Removing duplicate rows in MySQL

gravatar

by nkinkade on 2010-01-12

There are thousands of articles out there on removing duplicate rows from a SQL database. However, almost all of the first-page results of a search at Google for something like " mysql remove duplicates " involved creating temporary tables and other convoluted ways of solving the problem. I'm posting this simple method here in the hope that it could simplify this process for someone else. This is likely old news for people highly experienced with MySQL and SQL databases in general, but it's not that frequent that I have to tackle the duplicate row issue, so I post here for my own reference and that of others. The idea is that you create a unique index on the table based on the columns that should not be duplicated. MySQL will delete the duplicates in order to comply with the uniqueness of the index created. You then simply remove the temporary index.
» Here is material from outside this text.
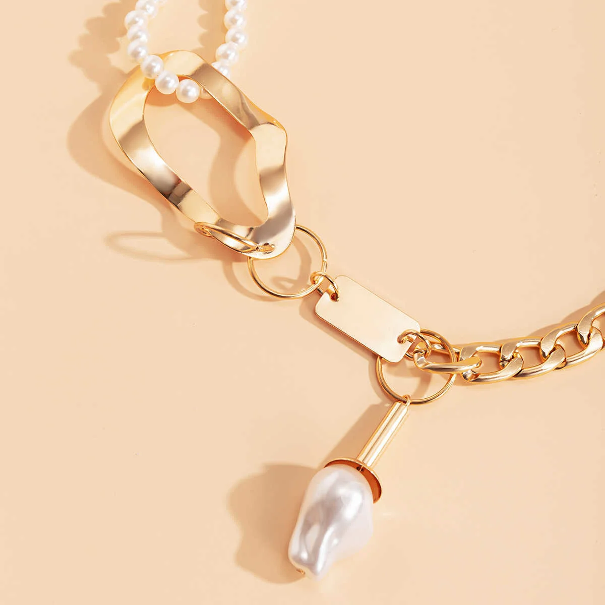 Чокер IngeSight.Z Женский, Ожерелье Неправильной Формы из железного листа в стиле стимпанк, ожерелье с кулоном в стиле барокко с имитацией жемчуга, Ювелирное Украшение для женщин

There was a bug in CiviCRM which was causing duplicate records in a particular table. Find the duplicates:

mysql> SELECT contact_id, contribution_id, receive_date, product_id, count(*) FROM civicrm_contribution_product JOIN civicrm_contribution ON civicrm_contribution_product.contribution_id = civicrm_contribution.id GROUP BY contribution_id, product_id having count(*) > 1 ORDER BY receive_date;

Removing most of the duplicates:

mysql> ALTER IGNORE TABLE civicrm_contribution_product ADD UNIQUE INDEXtmp_index(contribution_id, product_id);

Removing the temporary index:

mysql> ALTER TABLE civicrm_contribution_product DROP INDEX tmp_index;

Thanks to Paul Swarthout's comments on a thread at databasejournal.com for this simple solution.